• _Assignment_:
Each entry below must be repeated exactly, with pictures left out.

Task inputs section start

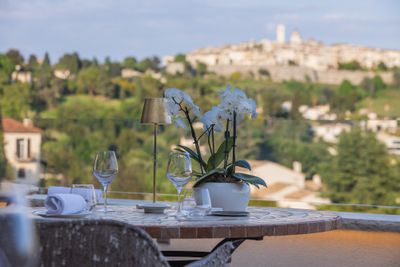Le restaurant sert une cuisine méditerranéenne et provençale avec des ingrédients saisonniers, offrant une vue panoramique sur Saint-Paul de Vence et la côte.
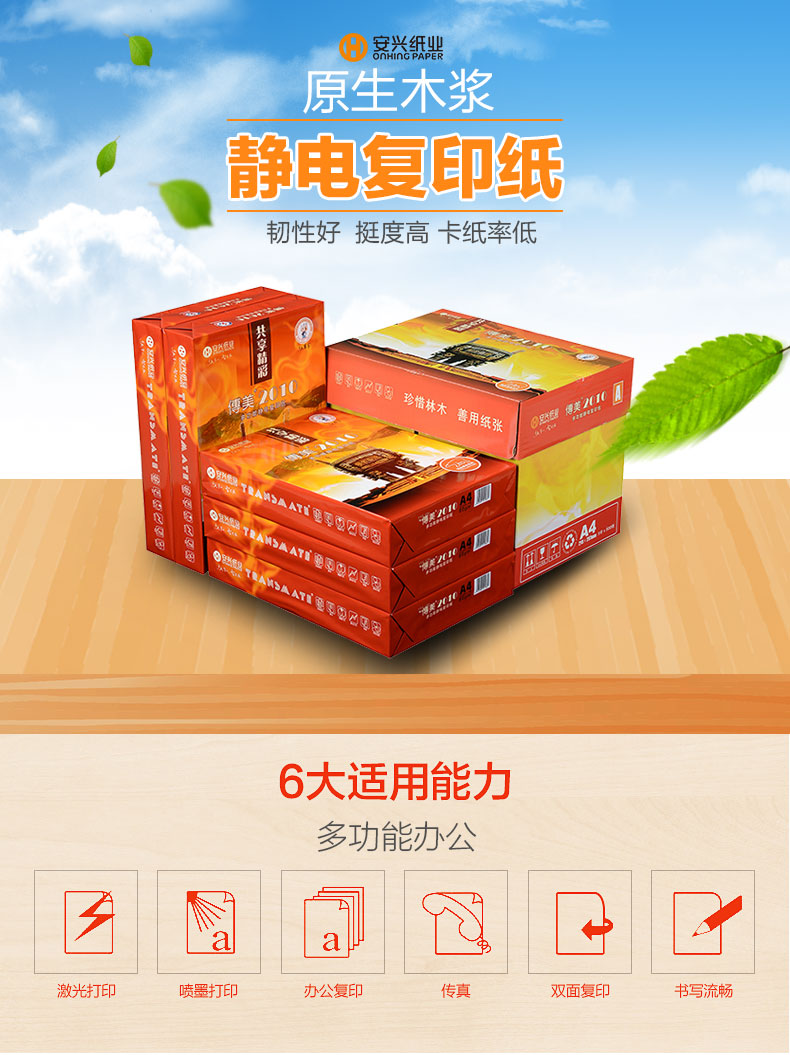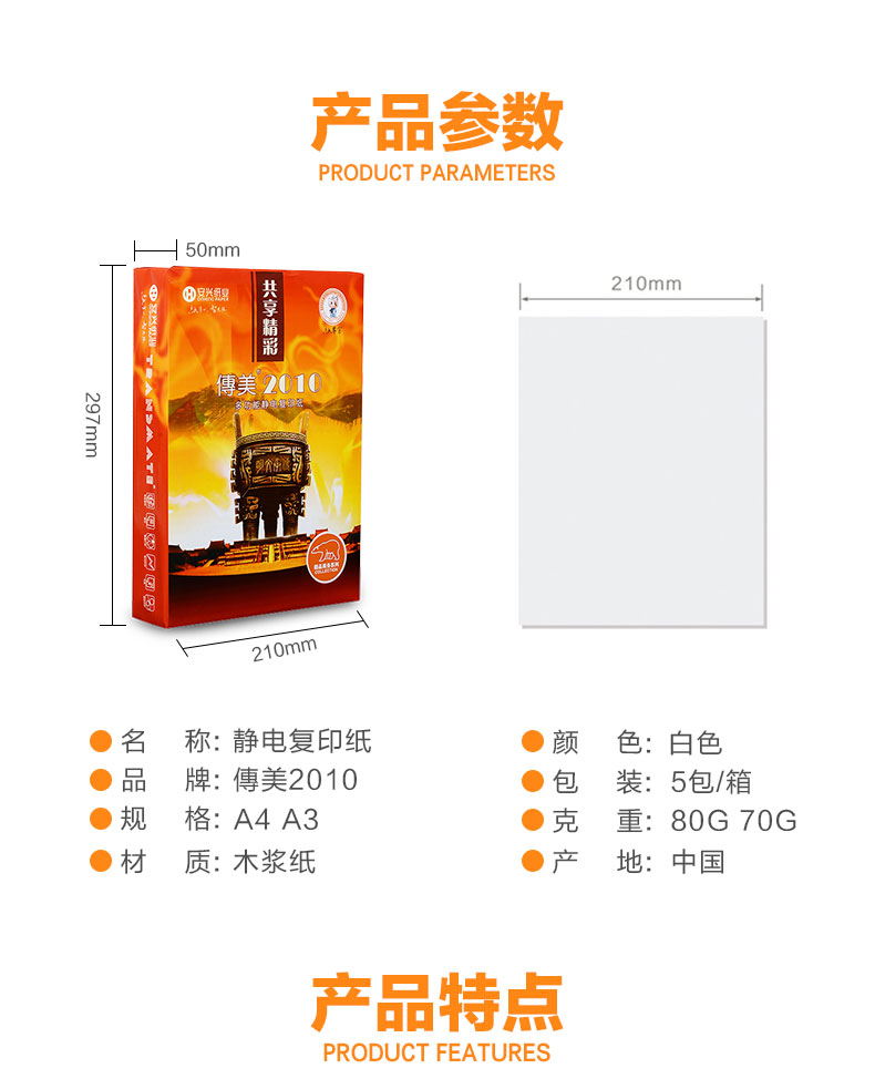 商品名称:传美2010复印纸 A3 70g 500张/包 5包/箱 单位:包
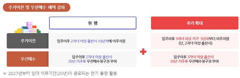 - 자녀 출산 인센티브: 자녀 수에 따라 더 넓은 평형으로 이주할 수 있는 기회가 제공됩니다.
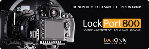 Accessory maker LockCircle has announced it will offer its ‘LockPort’ durable HDMI socket bracket for the Nikon D800. The LockPort800 combines a mounting plate that secures to the base of the camera with a miniHDMI-to-standard HDMI adapter that bolts onto it. This provides an easy-access full-size HDMI connector while also protecting your camera’s miniHDMI socket from damage. The mounting plate is designed so that the camera can still be used with other mounts, tripod plates and accessories, in tandem with the LockPort. The LockPort800 will be available from June 2012 at a cost of $199/€99.
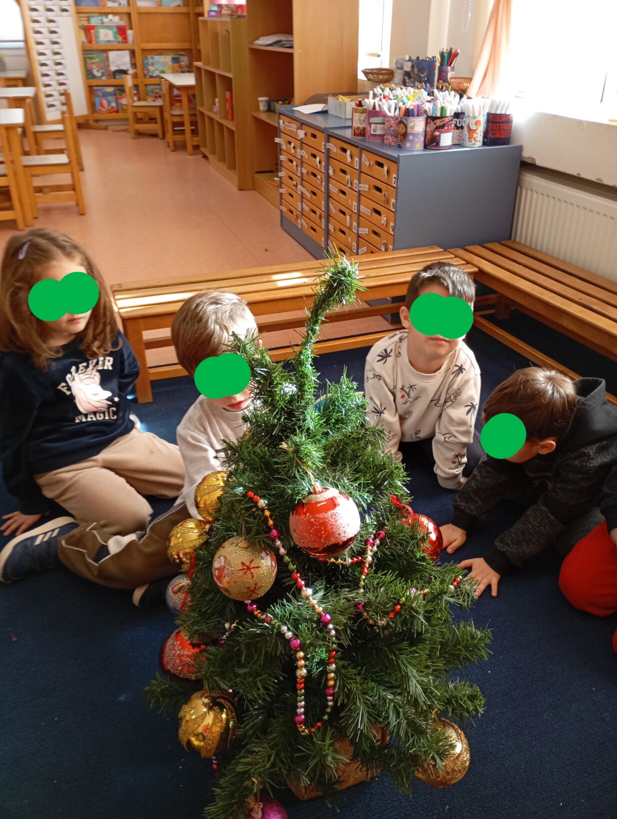 τον αναπαραστήσαμε, τραγουδήσαμε το ” Ω! Έλατο” και στη συνέχεια κάθε παιδί κρεμούσε ένα στολίδι στο δέντρο λέγοντας μια ευχή.
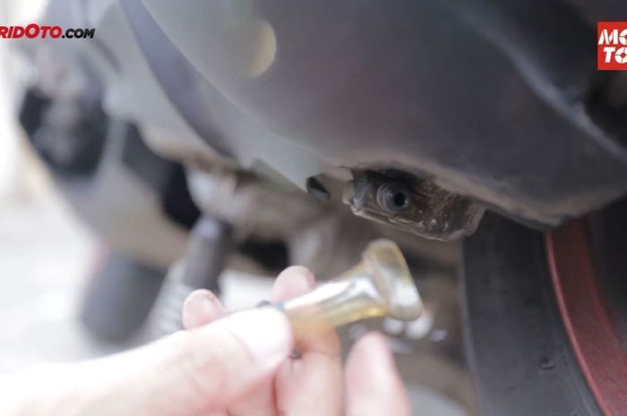 Biasa lubang dimotor ditutup dengan baut tapi tidak untuk lubang di bawah CVT ini yang menggunakan slang bening.
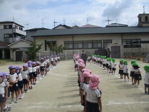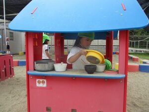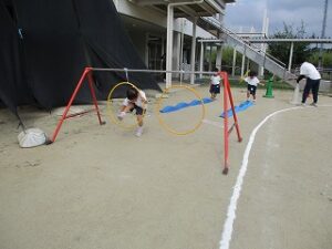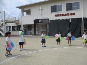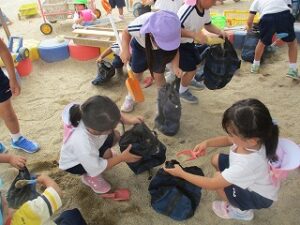 まだまだ蒸し暑いですが、運動会に向けての練習と行進の練習もしました。行進は初めてでしたが、上手に歩けていましたよ。外遊びの時にテントの重りになる砂袋に、子どもたちが砂を入れ運ぶのを手伝ってくれました。力持ちさんが沢山いて助かりました。お弁当は年少、年中、年長の部屋で好きな所を選んで食べました。
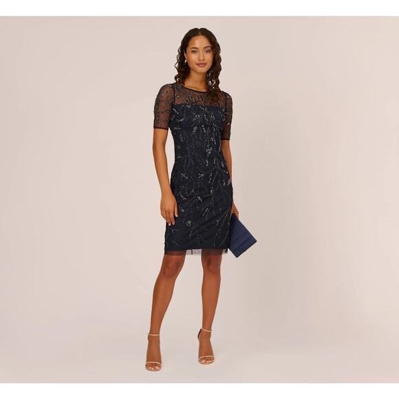 Adrianna Papell Hand-Beaded Cocktail Dress In Midnight Size 0
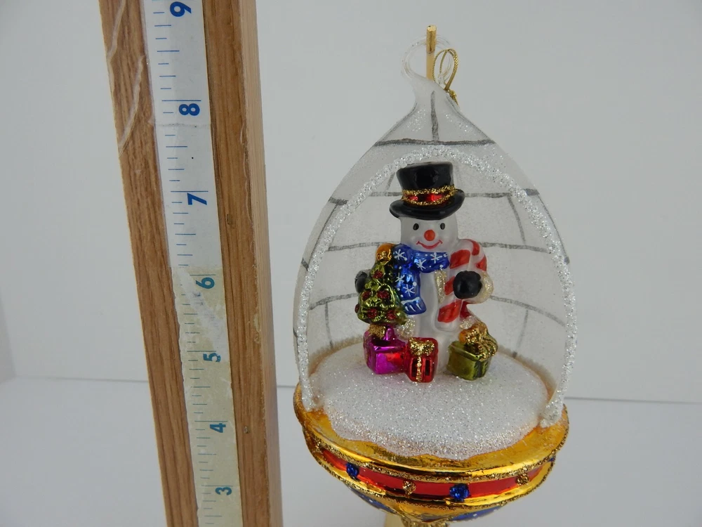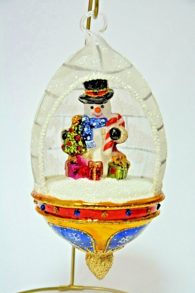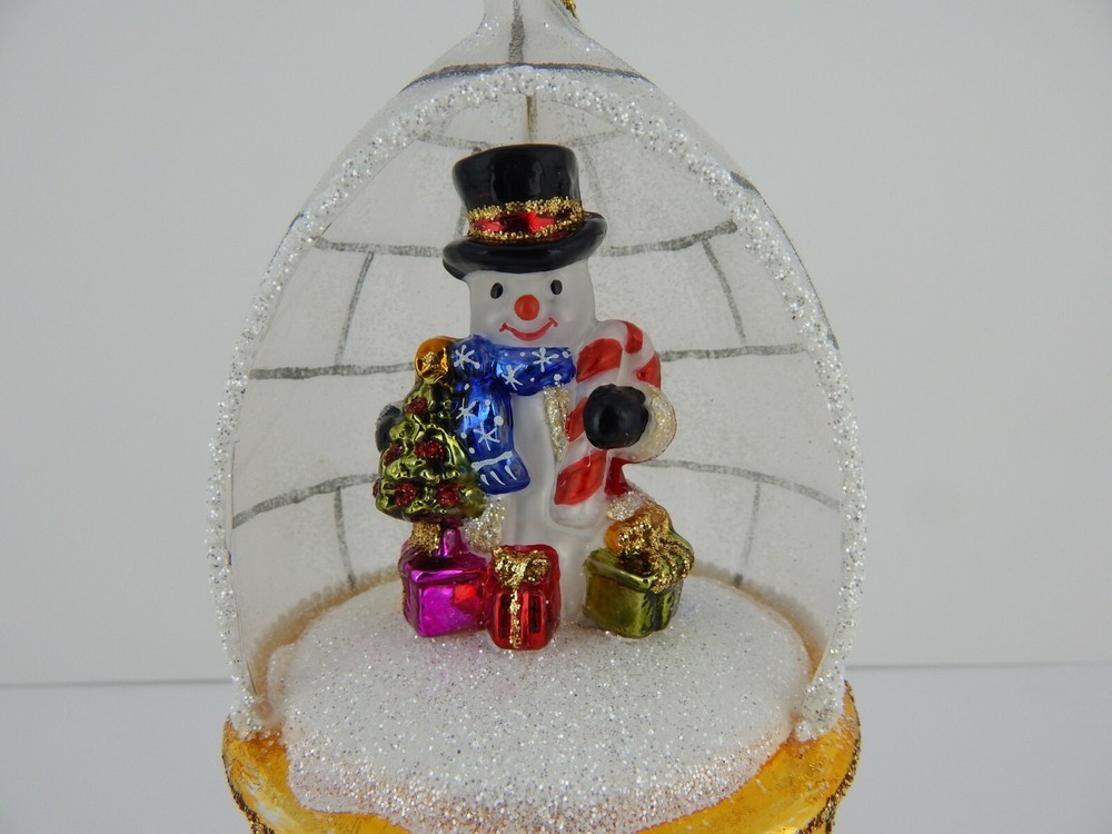 Glassware Art Studio Snowman Dome Glass Ornament New Note - Does not include Ornament Stand This is absolutely an Heirloom to hand down generation to generation! The attention to detail is amazing! This is a New Brand and Item for Us...We traveled to Europe and compared many different Companies that produce Hand Blown, Hand Painted Glass Ornaments. It was very apparent to us that the quality on these are far superior to many and even offer a better price point than the more popular companies! And now we are able to bring over 250+ of their designs straight from the Manufacturer in Poland to Us to You! No additional import costs or shipping to pay for! As they are Hand Blown, Hand Painted Glass Ornaments, slight differences can occasionally be seen in the same identical item number..for example stripes may be slightly wider on one piece vs. another that is slightly thinner. These differences are very, very minimal and generally only noticeable if you have two side by side Each is in a plain Gift Box with Original Manufacturer Packing (shredded white tissue). Each will be shipped in a corrugated outerbox filled with styrofoam peanuts and marked with Fragile Tape. Ornaments will be sent Fully Insured just in case This companies designs are Absolutely Stunning! Truly Exquisite! And obviously, much nicer when seeing them in person!
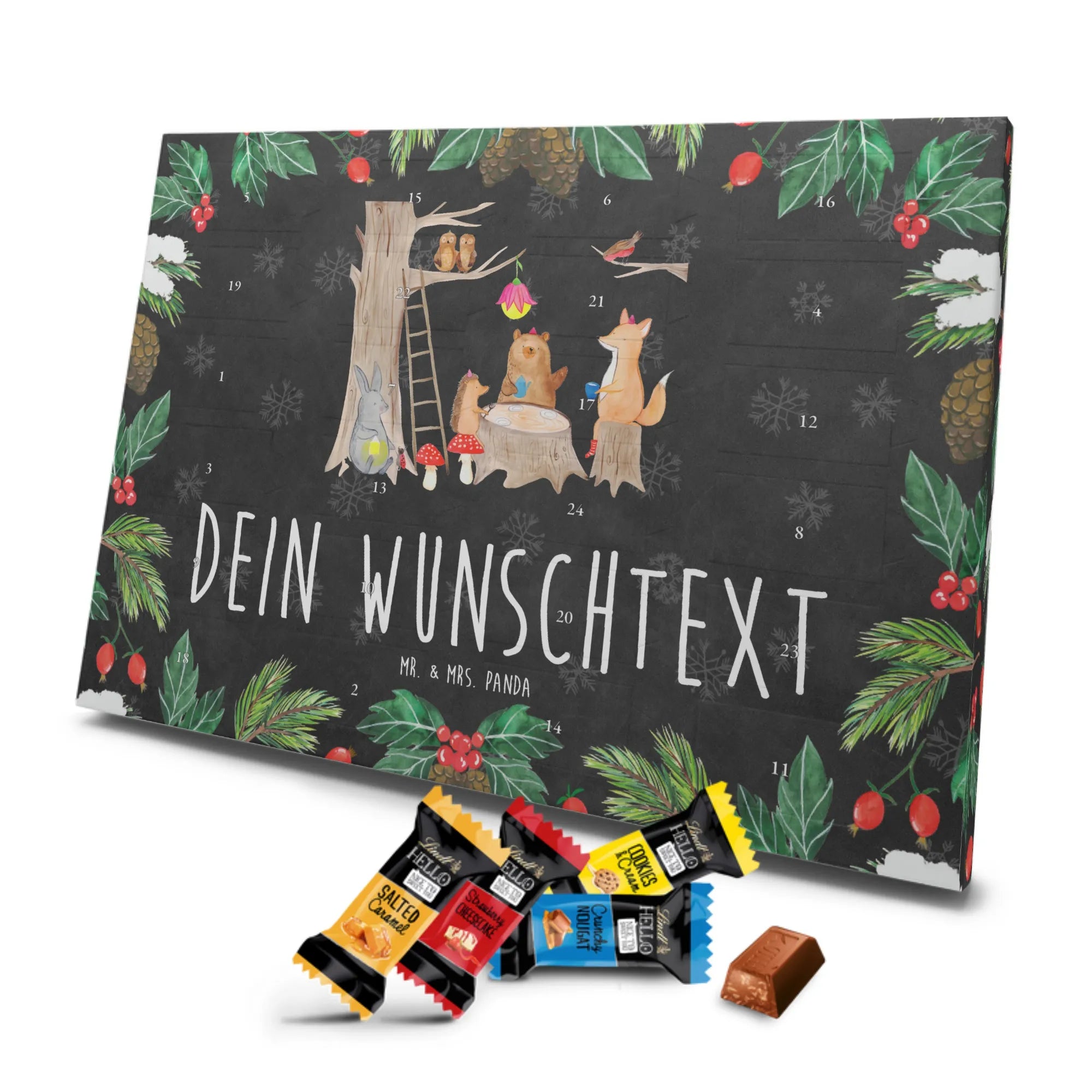 Warum du ihn liebst: Charmantes Waldmotiv, persönliche Namensoption, leckere Markenschokolade und hochwertige Verarbeitung – ein Adventskalender mit Herz von Mr. & Mrs. Panda.
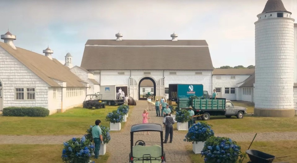 The mansion, too, takes center stage. Inspired by the real Caumsett State Historic Park Reserve on Long Island, and renamed “Cliff House” for the series, it becomes the symbolic and visual anchor of the entire narrative. Digitally transformed, the house blends classic colonial elements with quirky “oligarch mansion” flourishes, dominating the coastal landscape and reflecting the series’ dual tone: a dreamlike place that feels too perfect to be real. Perched on a cliff on the fictional island of Port Haven, the mansion is accessed via a long, perforated metal staircase rising from the private dock. With its tower featuring a circular panoramic balcony and an infinity pool overlooking the sea, the house merges the elegance of a historic 1920s mansion with modern architectural touches designed to emphasize its grandeur. The set design integrates the panoramic tower and places a giant ornamental anchor in the gardens.
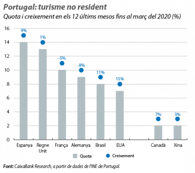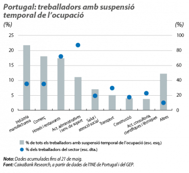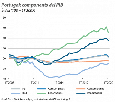 Fort impacte de la COVID-19 en el primer trimestre de l’any. El PIB es va contreure el 2,3% interanual (el –3,8% intertrimestral) en el 1T arran de les mesures de distanciament social, la qual cosa representa una contracció intertrimestral superior a la de la crisi financera. L’impacte negatiu sobre l’activitat va ser especialment intens en els 20 últims dies del mes de març, quan es va iniciar l’estat d’alarma a Portugal i les mesures de confinament van ser màximes. Així, dels agregats del 1T, es pot inferir que la caiguda de l’activitat va ser, aproximadament, el 25% en aquestes setmanes. En el detall per components del conjunt del trimestre, s’observa un fort impacte tant sobre la demanda interna com sobre l’externa. En concret, el consum de les llars va caure l’1,0% interanual (el –3,0% intertrimestral) i la inversió (formació bruta de capital), el 2,5% (la formació bruta de capital fix es va contreure el 0,3% interanual), mentre que el consum públic va avançar el 0,5%. En conjunt, la demanda interna va sostreure 1,1 p. p. al creixement interanual del PIB i 2,0 p. p. a l’intertrimestral. Per la seva banda, la demanda externa també va caure de forma clara, amb una contracció de les exportacions de béns i de serveis (el 7,1% intertrimestral i el 4,9% interanual) superior a la registrada per les importacions (el 3,1% intertrimestral i el 2,0% interanual).

Task inputs section end

• _Exercise solution_:
Le restaurant sert une cuisine méditerranéenne et provençale avec des ingrédients saisonniers, offrant une vue panoramique sur Saint-Paul de Vence et la côte.
 商品名称:传美2010复印纸 A3 70g 500张/包 5包/箱 单位:包
 - 자녀 출산 인센티브: 자녀 수에 따라 더 넓은 평형으로 이주할 수 있는 기회가 제공됩니다.
 Accessory maker LockCircle has announced it will offer its ‘LockPort’ durable HDMI socket bracket for the Nikon D800. The LockPort800 combines a mounting plate that secures to the base of the camera with a miniHDMI-to-standard HDMI adapter that bolts onto it. This provides an easy-access full-size HDMI connector while also protecting your camera’s miniHDMI socket from damage. The mounting plate is designed so that the camera can still be used with other mounts, tripod plates and accessories, in tandem with the LockPort. The LockPort800 will be available from June 2012 at a cost of $199/€99.
 τον αναπαραστήσαμε, τραγουδήσαμε το ” Ω! Έλατο” και στη συνέχεια κάθε παιδί κρεμούσε ένα στολίδι στο δέντρο λέγοντας μια ευχή.
 Biasa lubang dimotor ditutup dengan baut tapi tidak untuk lubang di bawah CVT ini yang menggunakan slang bening.
 まだまだ蒸し暑いですが、運動会に向けての練習と行進の練習もしました。行進は初めてでしたが、上手に歩けていましたよ。外遊びの時にテントの重りになる砂袋に、子どもたちが砂を入れ運ぶのを手伝ってくれました。力持ちさんが沢山いて助かりました。お弁当は年少、年中、年長の部屋で好きな所を選んで食べました。
 Adrianna Papell Hand-Beaded Cocktail Dress In Midnight Size 0
 Glassware Art Studio Snowman Dome Glass Ornament New Note - Does not include Ornament Stand This is absolutely an Heirloom to hand down generation to generation! The attention to detail is amazing! This is a New Brand and Item for Us...We traveled to Europe and compared many different Companies that produce Hand Blown, Hand Painted Glass Ornaments. It was very apparent to us that the quality on these are far superior to many and even offer a better price point than the more popular companies! And now we are able to bring over 250+ of their designs straight from the Manufacturer in Poland to Us to You! No additional import costs or shipping to pay for! As they are Hand Blown, Hand Painted Glass Ornaments, slight differences can occasionally be seen in the same identical item number..for example stripes may be slightly wider on one piece vs. another that is slightly thinner. These differences are very, very minimal and generally only noticeable if you have two side by side Each is in a plain Gift Box with Original Manufacturer Packing (shredded white tissue). Each will be shipped in a corrugated outerbox filled with styrofoam peanuts and marked with Fragile Tape. Ornaments will be sent Fully Insured just in case This companies designs are Absolutely Stunning! Truly Exquisite! And obviously, much nicer when seeing them in person!
 Warum du ihn liebst: Charmantes Waldmotiv, persönliche Namensoption, leckere Markenschokolade und hochwertige Verarbeitung – ein Adventskalender mit Herz von Mr. & Mrs. Panda.
 The mansion, too, takes center stage. Inspired by the real Caumsett State Historic Park Reserve on Long Island, and renamed “Cliff House” for the series, it becomes the symbolic and visual anchor of the entire narrative. Digitally transformed, the house blends classic colonial elements with quirky “oligarch mansion” flourishes, dominating the coastal landscape and reflecting the series’ dual tone: a dreamlike place that feels too perfect to be real. Perched on a cliff on the fictional island of Port Haven, the mansion is accessed via a long, perforated metal staircase rising from the private dock. With its tower featuring a circular panoramic balcony and an infinity pool overlooking the sea, the house merges the elegance of a historic 1920s mansion with modern architectural touches designed to emphasize its grandeur. The set design integrates the panoramic tower and places a giant ornamental anchor in the gardens.
 Fort impacte de la COVID-19 en el primer trimestre de l’any. El PIB es va contreure el 2,3% interanual (el –3,8% intertrimestral) en el 1T arran de les mesures de distanciament social, la qual cosa representa una contracció intertrimestral superior a la de la crisi financera. L’impacte negatiu sobre l’activitat va ser especialment intens en els 20 últims dies del mes de març, quan es va iniciar l’estat d’alarma a Portugal i les mesures de confinament van ser màximes. Així, dels agregats del 1T, es pot inferir que la caiguda de l’activitat va ser, aproximadament, el 25% en aquestes setmanes. En el detall per components del conjunt del trimestre, s’observa un fort impacte tant sobre la demanda interna com sobre l’externa. En concret, el consum de les llars va caure l’1,0% interanual (el –3,0% intertrimestral) i la inversió (formació bruta de capital), el 2,5% (la formació bruta de capital fix es va contreure el 0,3% interanual), mentre que el consum públic va avançar el 0,5%. En conjunt, la demanda interna va sostreure 1,1 p. p. al creixement interanual del PIB i 2,0 p. p. a l’intertrimestral. Per la seva banda, la demanda externa també va caure de forma clara, amb una contracció de les exportacions de béns i de serveis (el 7,1% intertrimestral i el 4,9% interanual) superior a la registrada per les importacions (el 3,1% intertrimestral i el 2,0% interanual).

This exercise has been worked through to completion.